Copy out again, unchanged, the listing below from the line that has "Stropna električna luč- secesija, prilagodljiva" through the line that has "biological e walk in interview January".

PROVIDED ENTRIES section start

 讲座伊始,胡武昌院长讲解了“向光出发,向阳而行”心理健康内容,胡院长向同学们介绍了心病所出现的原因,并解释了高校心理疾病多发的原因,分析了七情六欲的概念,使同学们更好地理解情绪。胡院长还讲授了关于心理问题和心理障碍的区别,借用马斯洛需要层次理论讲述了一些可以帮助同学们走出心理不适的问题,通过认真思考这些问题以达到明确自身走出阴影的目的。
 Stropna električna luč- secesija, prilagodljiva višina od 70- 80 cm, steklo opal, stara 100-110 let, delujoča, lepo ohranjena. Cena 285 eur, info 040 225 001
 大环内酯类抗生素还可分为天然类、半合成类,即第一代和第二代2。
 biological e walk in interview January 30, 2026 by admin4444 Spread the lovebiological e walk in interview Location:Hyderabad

PROVIDED ENTRIES section end
PROVIDED ENTRIES section start

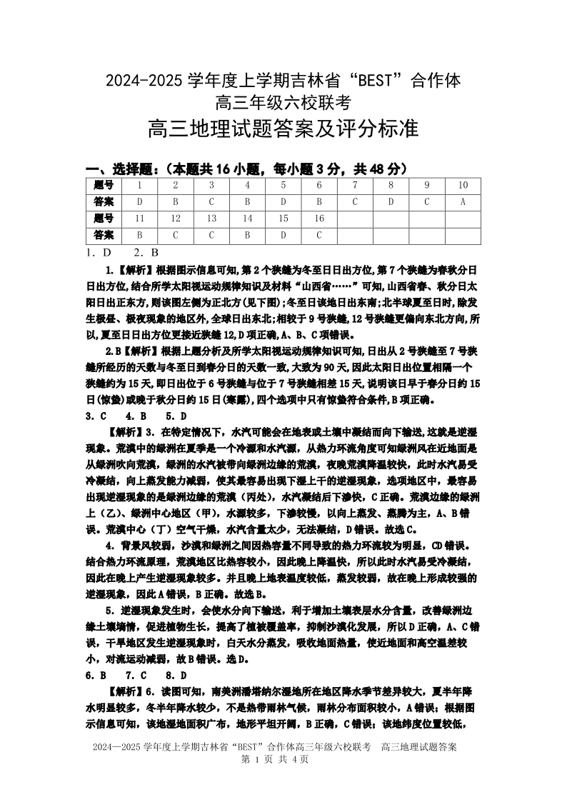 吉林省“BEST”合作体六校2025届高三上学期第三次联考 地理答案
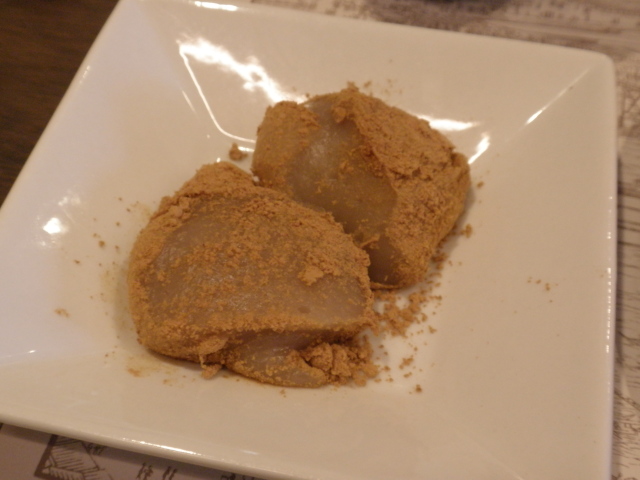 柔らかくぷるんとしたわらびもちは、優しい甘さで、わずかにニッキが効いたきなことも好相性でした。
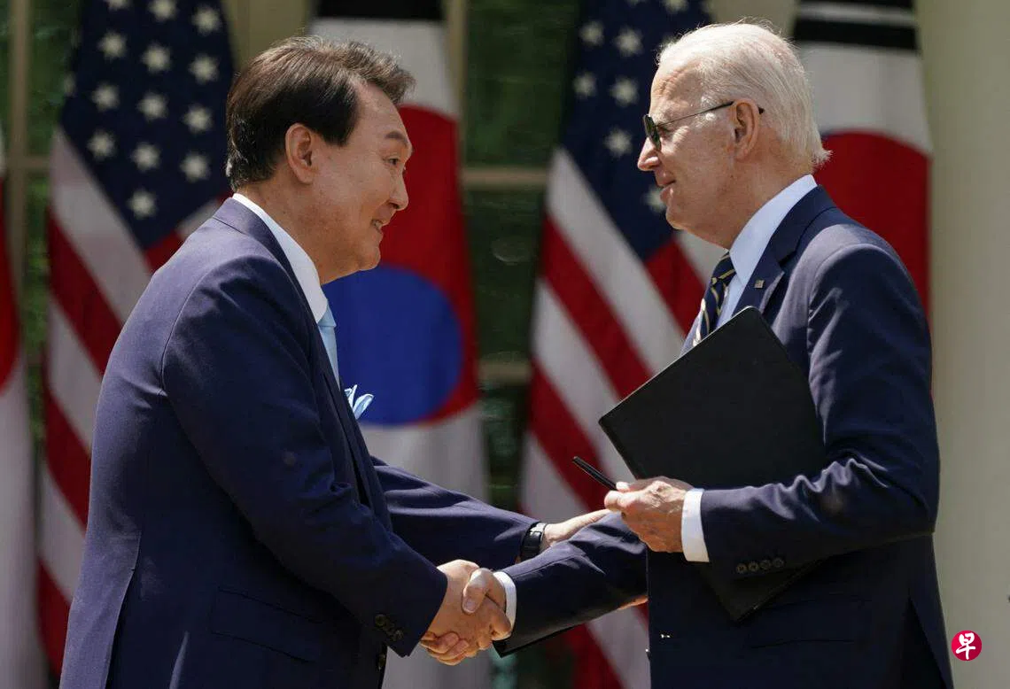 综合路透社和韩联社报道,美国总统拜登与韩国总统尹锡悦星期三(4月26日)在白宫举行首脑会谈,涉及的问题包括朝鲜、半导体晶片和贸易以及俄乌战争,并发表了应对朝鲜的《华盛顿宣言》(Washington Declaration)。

PROVIDED ENTRIES section end

▶ _TASK OUTPUT_:
 Stropna električna luč- secesija, prilagodljiva višina od 70- 80 cm, steklo opal, stara 100-110 let, delujoča, lepo ohranjena. Cena 285 eur, info 040 225 001
 大环内酯类抗生素还可分为天然类、半合成类,即第一代和第二代2。
 biological e walk in interview January 30, 2026 by admin4444 Spread the lovebiological e walk in interview Location:Hyderabad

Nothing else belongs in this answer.